* Try it: Transcribe, with complete accuracy, all of the entries below except for the pictures.

#### Material to process

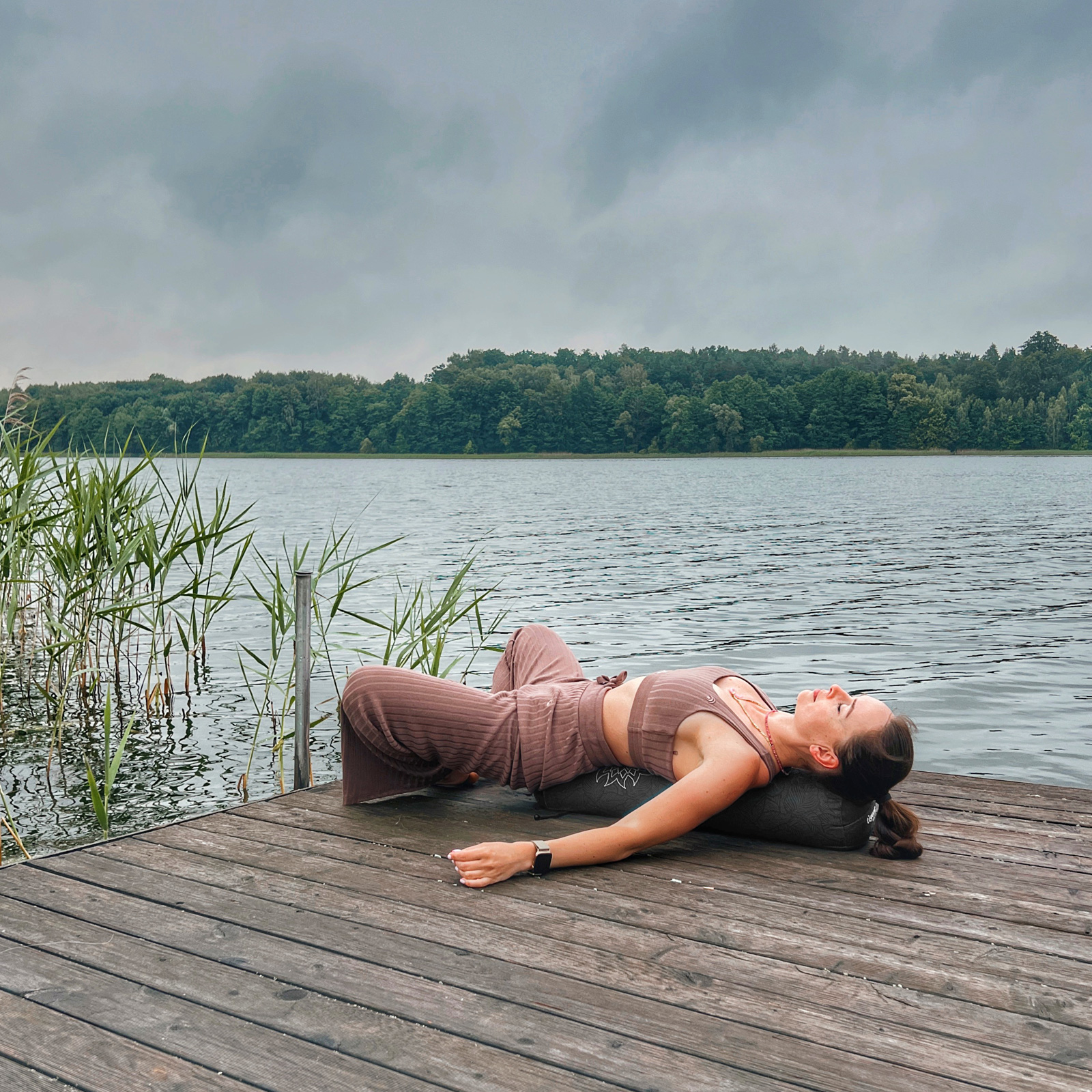 The yoga blanket is perfect as an aid in many asanas, and also during relaxation as a covering. You can put the folded blanket under your head or back in lying positions, use it in seated and inverted positions, and it will also be helpful in kneeling positions for those with more sensitive knees. Due to its neutral color, the blanket is easy to keep clean.
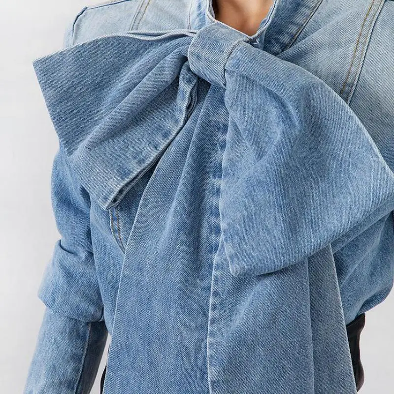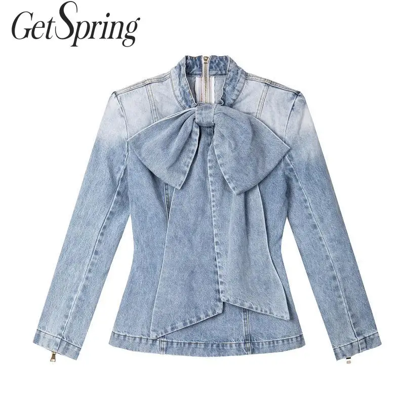 GetSpring женская блузка джинсовая рубашка с длинным рукавом джинсовые блузки ретро с бантом женская рубашка универсальные Дамские топы весенний Топ 2021 модная
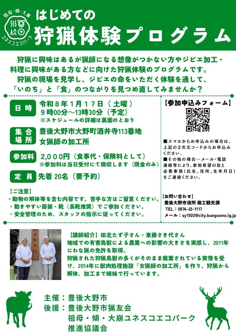 狩猟の現場に触れながら、地域の自然と向き合う貴重な機会です。ぜひご参加ください。
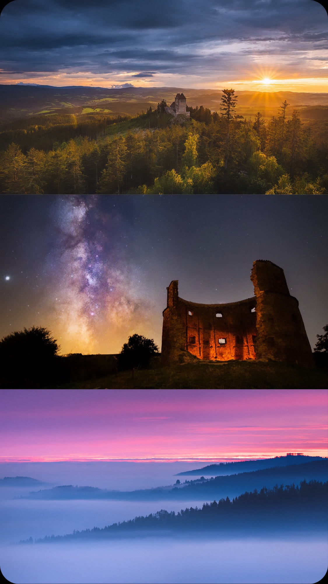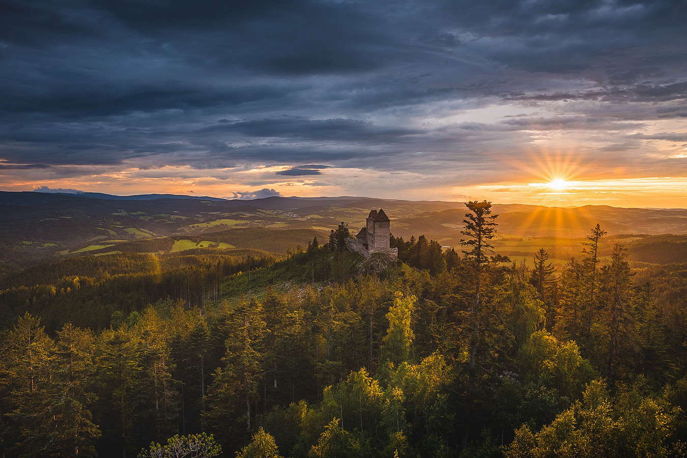 Chtěl bych vyfotit Kašperk s inverzí pod hradem při východu slunce, duhou na obloze, bleskem v popředí a jednorožcem mezi věžemi.
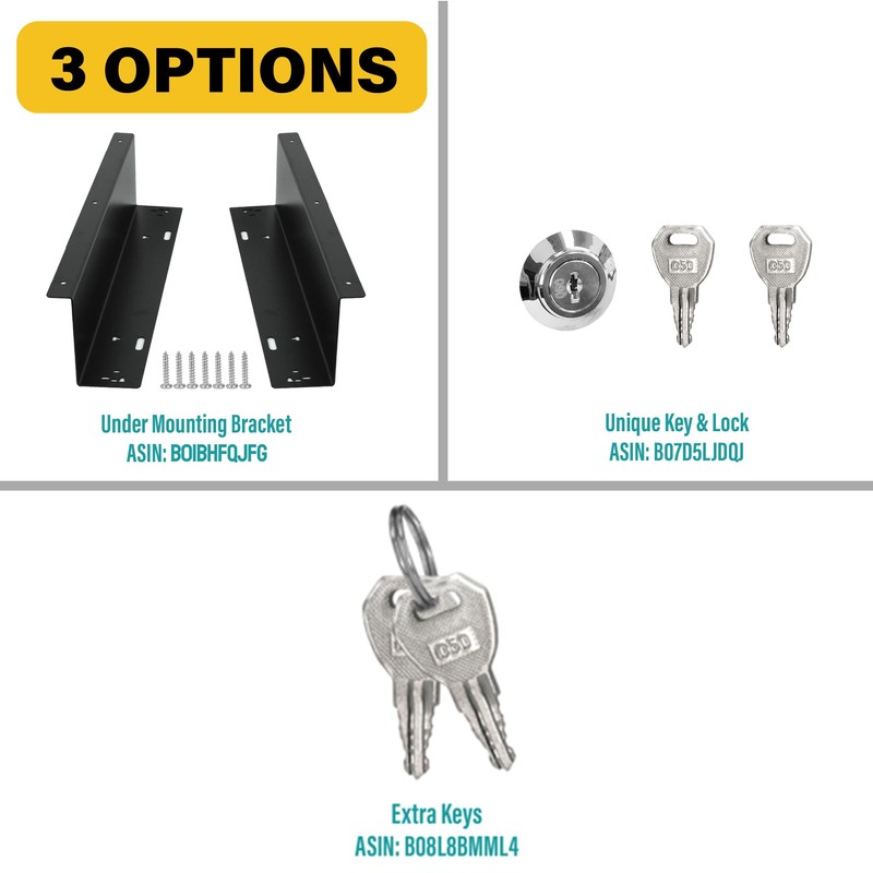 - Extra Keys (ASIN B01HN1QB7E), Till Cover Available (ASIN B01BG6ESZO), and Under Counter Mounting Metal Bracket (ASIN B01BHFQJFG) if needed

########

* Solution for this problem:
 The yoga blanket is perfect as an aid in many asanas, and also during relaxation as a covering. You can put the folded blanket under your head or back in lying positions, use it in seated and inverted positions, and it will also be helpful in kneeling positions for those with more sensitive knees. Due to its neutral color, the blanket is easy to keep clean.
 GetSpring женская блузка джинсовая рубашка с длинным рукавом джинсовые блузки ретро с бантом женская рубашка универсальные Дамские топы весенний Топ 2021 модная
 狩猟の現場に触れながら、地域の自然と向き合う貴重な機会です。ぜひご参加ください。
 Chtěl bych vyfotit Kašperk s inverzí pod hradem při východu slunce, duhou na obloze, bleskem v popředí a jednorožcem mezi věžemi.
 - Extra Keys (ASIN B01HN1QB7E), Till Cover Available (ASIN B01BG6ESZO), and Under Counter Mounting Metal Bracket (ASIN B01BHFQJFG) if needed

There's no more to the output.